Another door he’d closed in her face.
“I went to see Molly that time because she called to tell me about her mom getting married. It sounded like she needed me,” he informed her, his tone, so restrained and polite, hitting her like a whiplash. “But it was only a week before our engagement party, and it seemed the wrong time to tell you I have a daughter. But right now it feels as if any time would have been a bad time. If you can’t believe I was faithful to you, I was always going to be in the wrong, no matter what I did.”
She felt the heat stain her cheeks, an unspoken acknowledgement that he was right—but it only made her angrier. He had no right to be right…correct—oh, to hell with semantics! He had to be in the wrong now!

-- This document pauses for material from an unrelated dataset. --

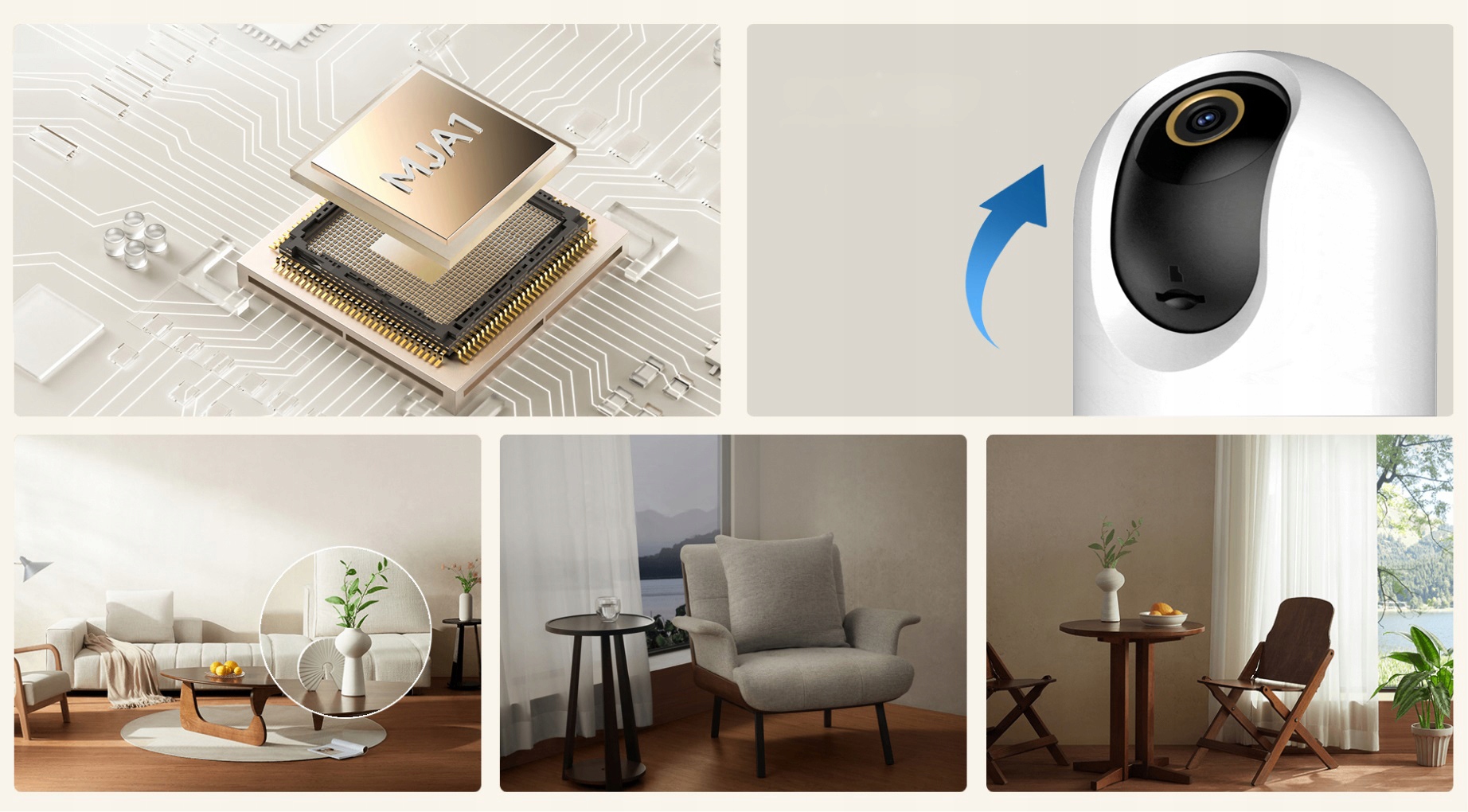 Зум з подвійним двигуном з поворотним нахилом дозволяє гнучко обертати об’єктив угору, вниз, ліворуч і праворуч на 360° по горизонталі та на 114° по вертикалі . Він забезпечує широкий горизонт, не залишаючи сліпих зон у вашому домі.

“So you think I wouldn’t have understood if you’d told me at the start of our relationship?” she challenged. “Why was it a bad time then? Was it always going to be a bad time to tell me?” A shaft of uncertainty lanced through her. “Am I so hard to confide in? Am I so…so non-understanding? Why was it so intimidating to tell me about Molly?” Or about anything else, it seems…
He shook his head and sighed. “It wasn’t like that. You have your ways of making it hard to confide, but not in the way you mean.”
“I see,” she whispered, looking at her hands again.
“No, I don’t think you do.” His hands gripped the steering wheel. His face was pale and set, looking forward, out to the passing traffic. Shutting another door in her face. Making it impossible to ask what he meant.
“Does Molly know about me? That you have a fiancée?” she asked after a while, but knew the answer before it came.
“Not yet.” Again, no apology. No excuse.
Rebellion rose higher in her throat. She wanted the truth. She needed to hear the answers. She had to know. And she wanted to deck him!
But did she hit first or ask first? She was too furious to ask the question that had been hovering in her mind for months. Why should she ask if he’d ever loved her in truth, or was marrying her to avoid public humiliation on both their parts? He’d only give the perfect reassurance. And he might even believe it was the truth…but she wouldn’t believe it. She wasn’t the trusting fool she’d been a few months ago.